━━ Collected material

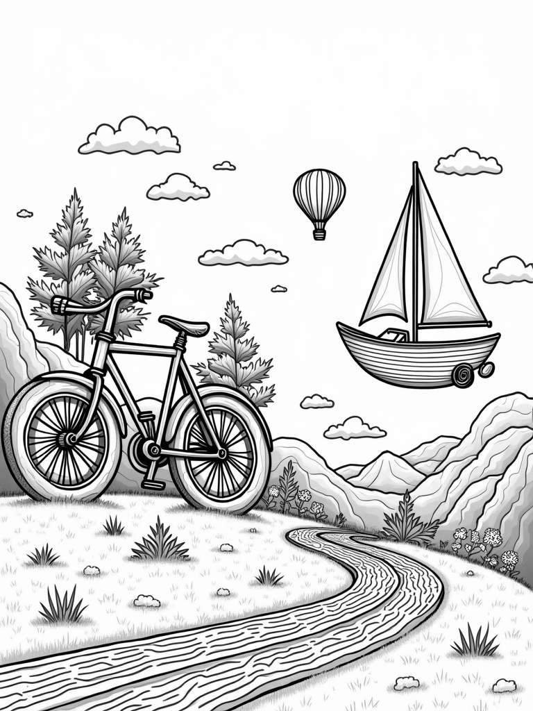 Nature and Vehicles Unite: A Bicycle, Car, and Sailboat Wonderland Coloring Page
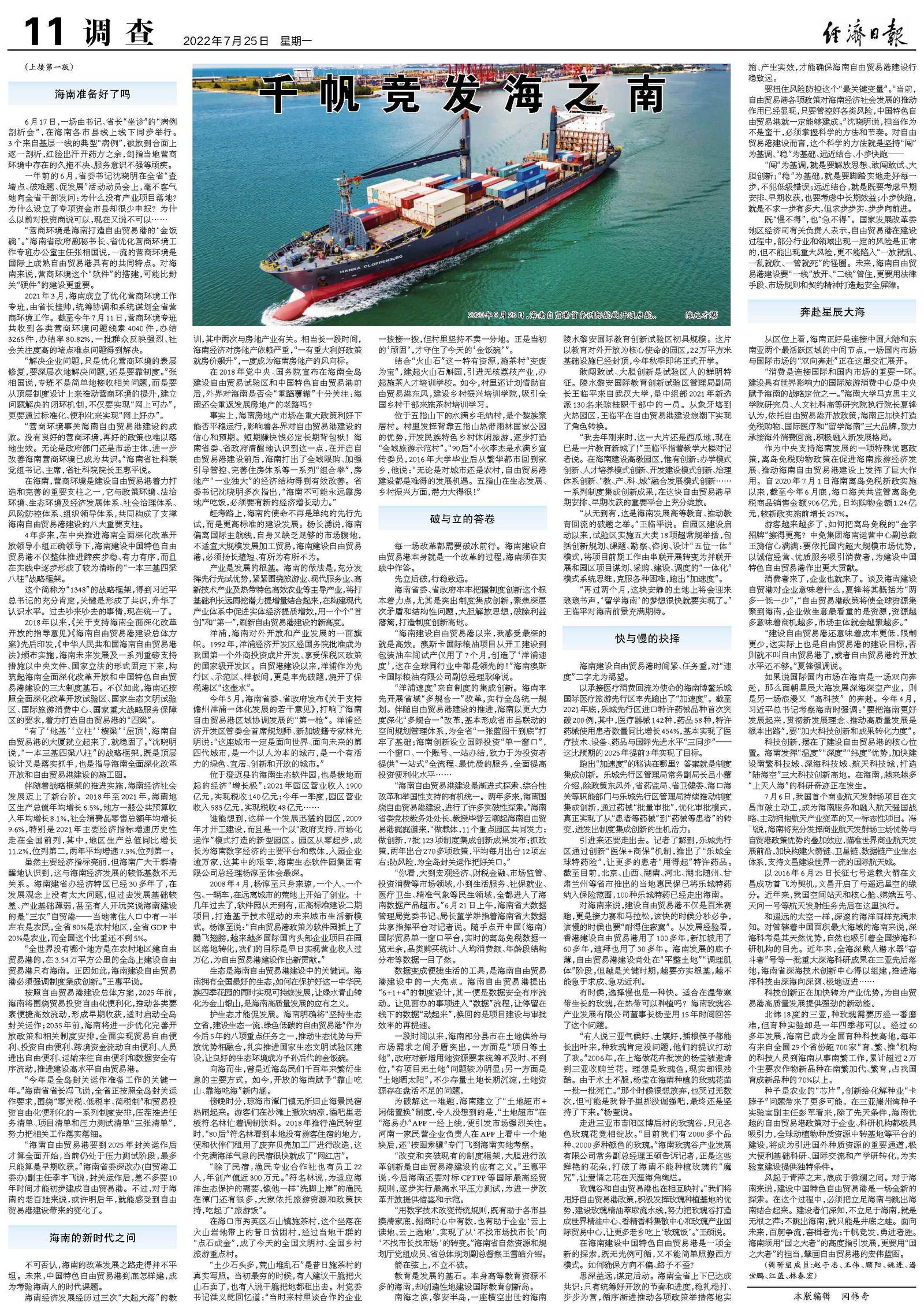 “离2025年全岛封关运作还有2年多时间,我们必须与时间赛跑!”采访中,海南干部群众开拓创新、真抓实干的劲头令人印象深刻,他们用行动证明“海南自由贸易港是全世界的机会,也是每一个人的机会”,他们还将用更多的行动证明“社会主义不仅能建设自由贸易港,而且能建设得更好!”
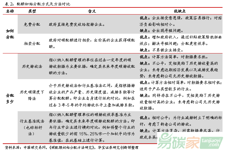 ? 碳排放配額由免費(fèi)分配為主逐步向提高有償分配比例過渡?!短寂欧艡?quán)交易管理辦法(試行)》指出,碳排放配額分配以免費(fèi)分配為主,可以根據(jù)國家有關(guān)要求適時(shí)引入有償分配。參考?xì)W盟碳交易體系,其一級市場中碳配額分配方式從第一階段的免費(fèi)分配過渡到50%以上拍賣,并計(jì)劃2027年實(shí)現(xiàn)全部配額的有償拍賣分配。從國內(nèi)區(qū)域試點(diǎn)來看,我國八大試點(diǎn)中有六個(gè)地區(qū)的碳試點(diǎn)均可以通過拍賣的方式進(jìn)行配額的發(fā)放,但是比例均較低。未來在配額的分配方式上,我國初期仍以免費(fèi)分配為主,參照歐盟等成熟碳交易市場的經(jīng)驗(yàn),未來將逐步提高有償分配的比例,充分利用碳市場的調(diào)節(jié)機(jī)制,推動(dòng)碳配額的有效配置。

━━━━

Task goal:
The result should be the material above, unchanged and free of pictures; please print it.

Response to the task:
 Nature and Vehicles Unite: A Bicycle, Car, and Sailboat Wonderland Coloring Page
 “离2025年全岛封关运作还有2年多时间,我们必须与时间赛跑!”采访中,海南干部群众开拓创新、真抓实干的劲头令人印象深刻,他们用行动证明“海南自由贸易港是全世界的机会,也是每一个人的机会”,他们还将用更多的行动证明“社会主义不仅能建设自由贸易港,而且能建设得更好!”
 ? 碳排放配額由免費(fèi)分配為主逐步向提高有償分配比例過渡?!短寂欧艡?quán)交易管理辦法(試行)》指出,碳排放配額分配以免費(fèi)分配為主,可以根據(jù)國家有關(guān)要求適時(shí)引入有償分配。參考?xì)W盟碳交易體系,其一級市場中碳配額分配方式從第一階段的免費(fèi)分配過渡到50%以上拍賣,并計(jì)劃2027年實(shí)現(xiàn)全部配額的有償拍賣分配。從國內(nèi)區(qū)域試點(diǎn)來看,我國八大試點(diǎn)中有六個(gè)地區(qū)的碳試點(diǎn)均可以通過拍賣的方式進(jìn)行配額的發(fā)放,但是比例均較低。未來在配額的分配方式上,我國初期仍以免費(fèi)分配為主,參照歐盟等成熟碳交易市場的經(jīng)驗(yàn),未來將逐步提高有償分配的比例,充分利用碳市場的調(diào)節(jié)機(jī)制,推動(dòng)碳配額的有效配置。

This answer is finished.